- Written by Red Wine
Bordeaux is the region in perfect viticultural situation almost and is located in France’s west coast. This wine region benefits from ultimate marketing tool that is achateau-dependent classification system, established nearly 150 years back.
This new era seems to be simply taxing for reputation of Bordeaux as the last 20th century decade was. Rain drenched harvesting towards the ending of 1990s challenged claim of Bordeaux to be an ultimate viticultural paradise but its depressingly poor quality generic wines brought in almost much bad publicity just like grossly inflated rates of modest vintages from top chateaux. In few initial years of 21st century, weather may have improved but the generic Bordeaux quality remained abysmal, rates continued rising that too in direct relation to sales drop and finally something unimaginable took place: Robert Parker, the renowned United States wine critic failed to come for primer tastings in 2003 March.
But all isn’t lost- new head of CIVB (conseilInterprofessionel des Vins de Bordeaux), Christian Delpeuch, mooted possibilities of declassifying some weaker Bordeaux wines into broader win de pays that can then get bolstered by the stronger wines coming from outside this region like deep, dark Tannat, that is traditional to southwest.
Delpeuch, managing director of the Ginestet is the biggest trader of the region and looks to have great understanding of Bordeaux business’s more commercial end. It is he who suggested creation of Vins des Cepagesd Aquitaine category for Bordeaux region. It’s under this region that different varieties of wine can be marketed.

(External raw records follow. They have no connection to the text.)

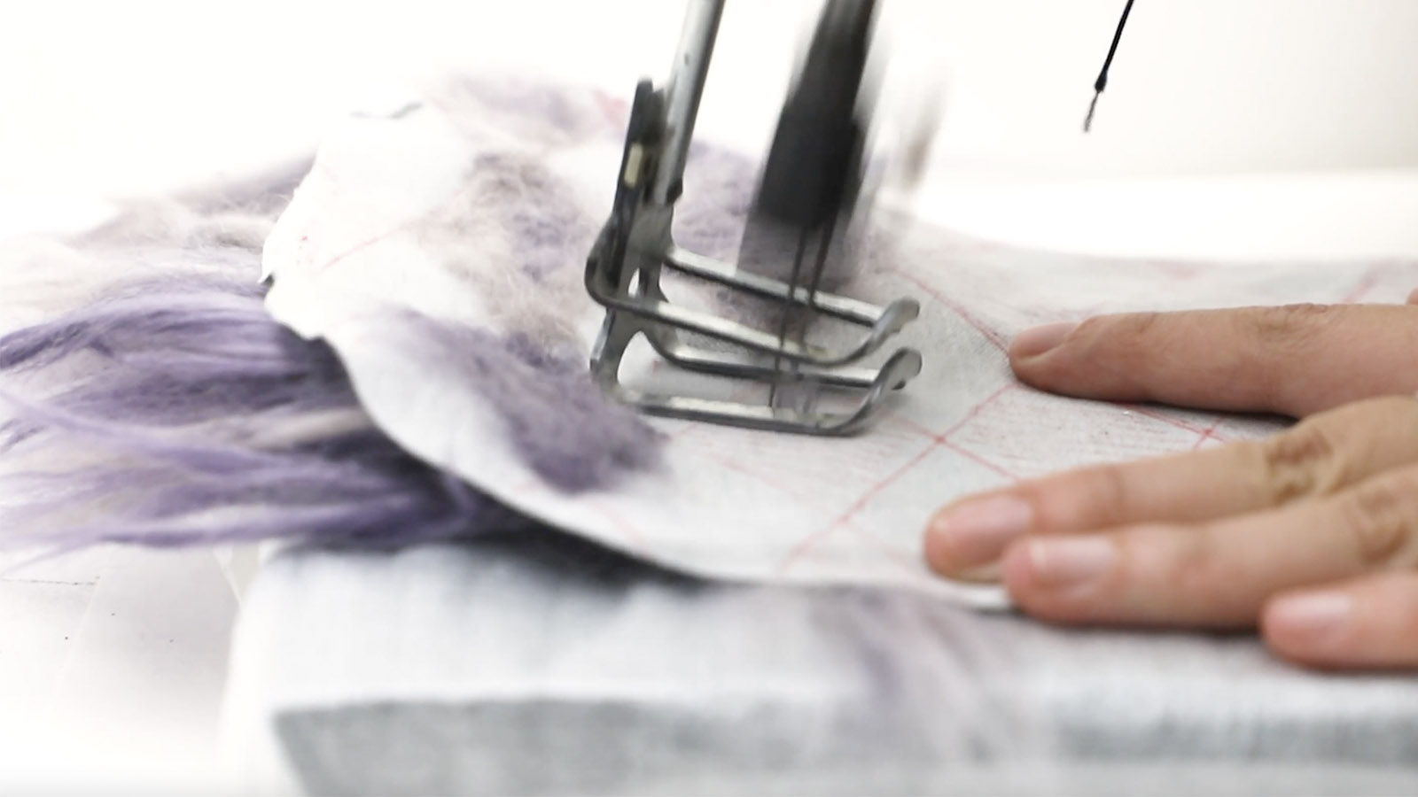 The craftsmanship aspect involved the utilization of innovative machines, namely the "Implanting" machine and the "Flocking" machine. The Implanting machine represents a groundbreaking technology capable of integrating any type of fiber into any fabric, employing a mechanical structure inspired by the process of hair transplant surgery. The needle mechanism, simulating crochet patterns, enables the precise placement of fibers at the back of the fabric. Notably, this portable machine permits the implementation of various patterns and designs, facilitating versatility in fiber implantation.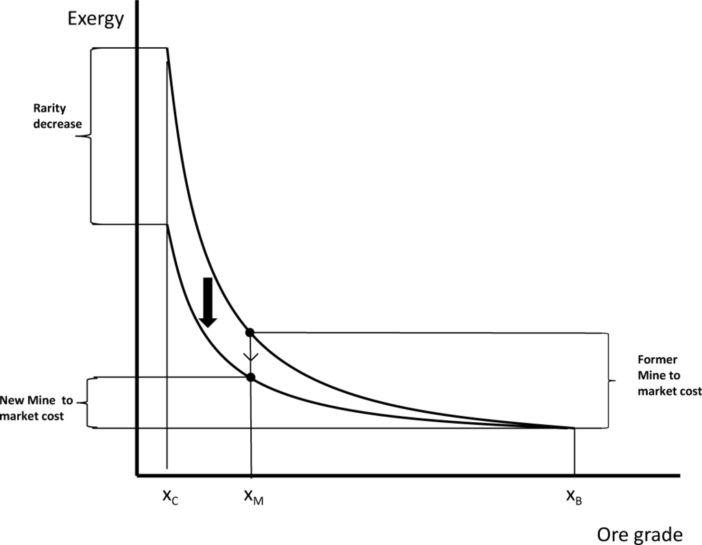 The idea of replacement cost allows one to move into another concept: “thermodynamic rarity”. The Webster Dictionary defines rarity as “something that is valuable because there are few of its kind”. Rarity therefore relates to the difficulty in attaining something. In the case of a mineral deposit, it is associated with the improbability of finding and accessing. Once accessed, it also relates to the effort of isolating it from undesired impurities, considering environmental conditions and the availability of water, energy and resources in general for its supply to market. Rarity thus prescribes the character of a natural resource to a given mineral deposit. If one considers all of these characteristics from a thermodynamic perspective, they are all rooted in entropy.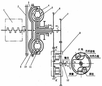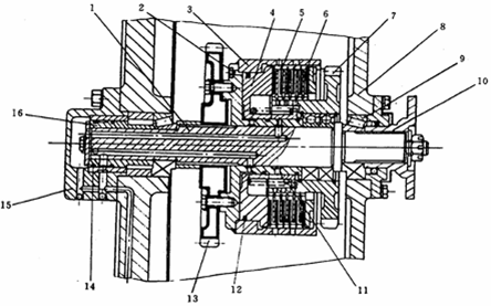 液壓離合器的離合器殼3和齒輪13用螺釘固裝在一起,齒輪13又通過內花鍵與輸入軸連接,構成離合器的主動部分。離合器部分則由活塞4、主動(外)摩擦片5、從動(內)摩擦片6、回位彈簧11、外端蓋以及檔圈等組成。離合器中的主動摩擦片通過外花鍵與離合器的殼體連接,從動摩擦片則通過內花鍵與從動齒輪連接。從動齒輪通過軸承支承在輸入軸上,并可相對于輸入軸轉動。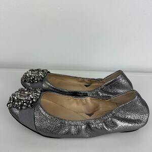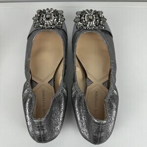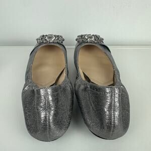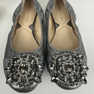 Adrienne Vittadini Womens Embellished Jewel Bow Metallic Grey Flats Shoes 7M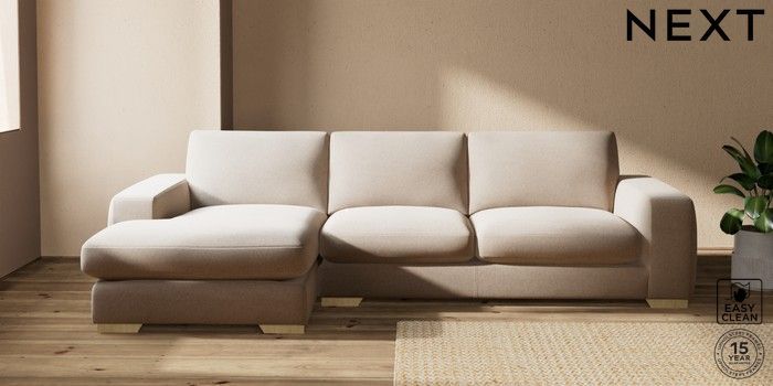 7.2.10 Houghton Deep Sit Large Sofa Chaise - Left Hand Tweedy Blend Easy Clean Light Dove Natural Large Square Angle - Light | Made Click here to use our website with more accessibility support, for example screen readers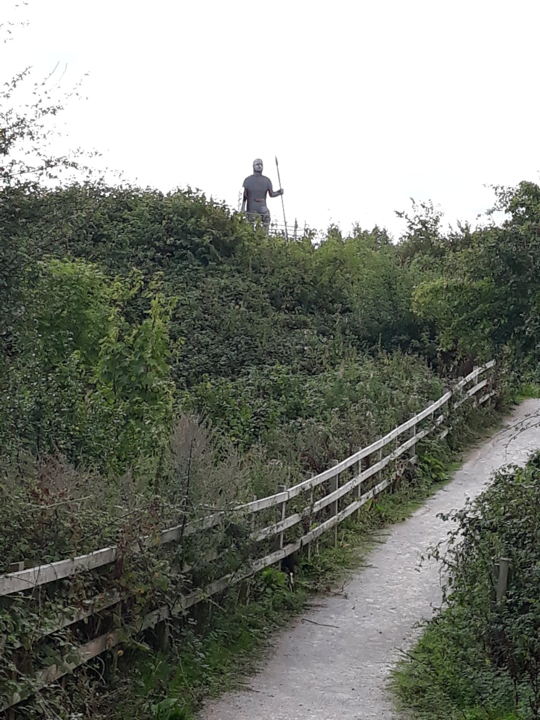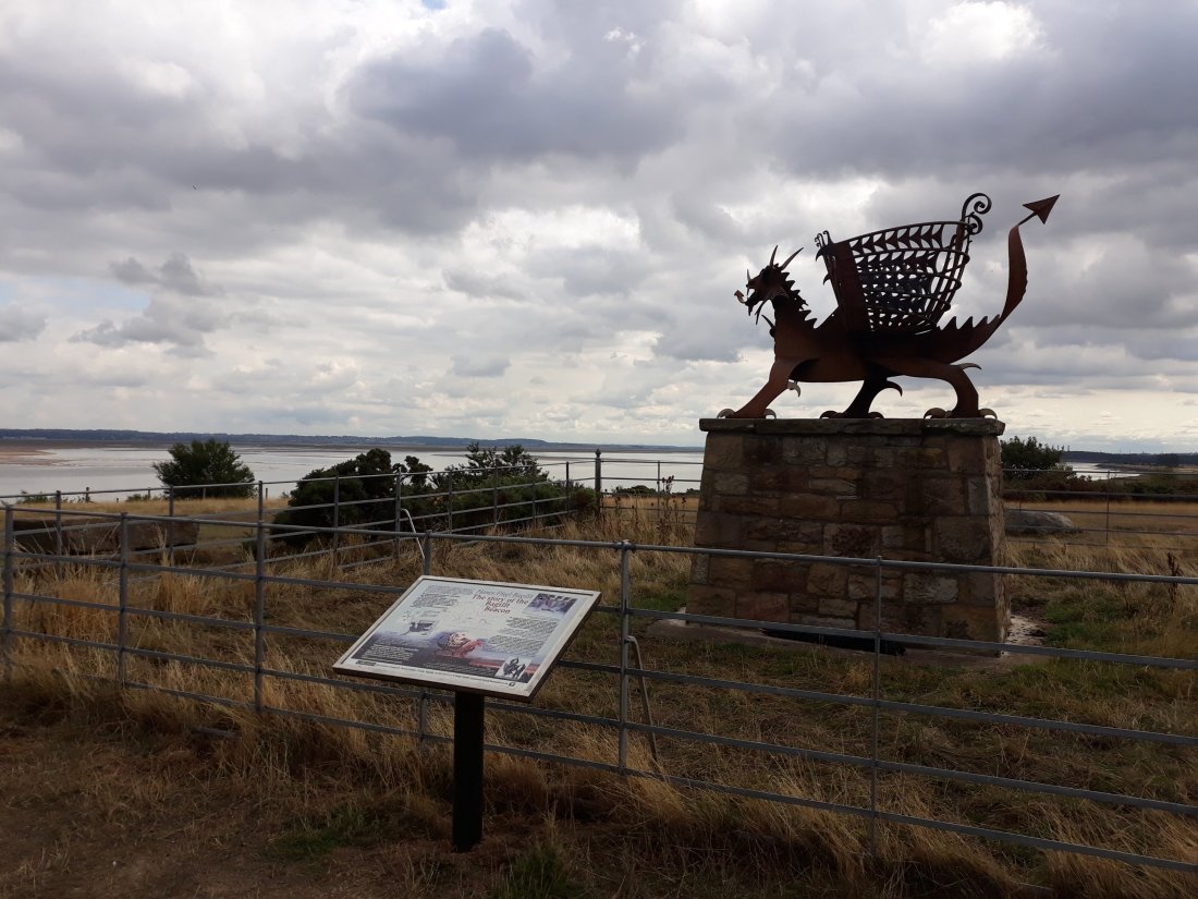 It was warm and sunny and this was a lovely walk all in all, scenic estuary on the right and dodging various chemical plants and there was lots of evidence of a previous industrial past generally to the left. The highlight of the morning was an impressive fire beacon dragon at Bettisfield. I was less happy with the solitary soldier I found because it looked very real until I got closer to it!

Getting distracted from classic Bordeaux wines, this in fact will enhance their quality by tougher selection. At the market’s top end, bordelaise will once again sleep calmly in their bed because Robert Parker came for their tastings primeur in the year 2004.
Overview Bordeaux Wine
Gironde department and Bordeaux appellation are the same geographically. In fact, Gironde is France’s largest department and Bordeaux is the largest source of obtaining quality wines worldwide. More than 22000 vineyard proprietors are here working in 280,000 acres for producing more than 71 million cases of wine under fifty-seven varying appellations each year. Out of these, 22,000 are properties and nearly 10,000 are domains and chateaux producing Bordeaux wine. Among these, nearly 10,000 are wine producing properties and some 6000 are making as well as marketing wines under their own label. The remaining 4000 are wine producing properties that are members of fifty-three cooperative wineries available in Bordeaux and represent 25% production but little of it is selling under producing property name.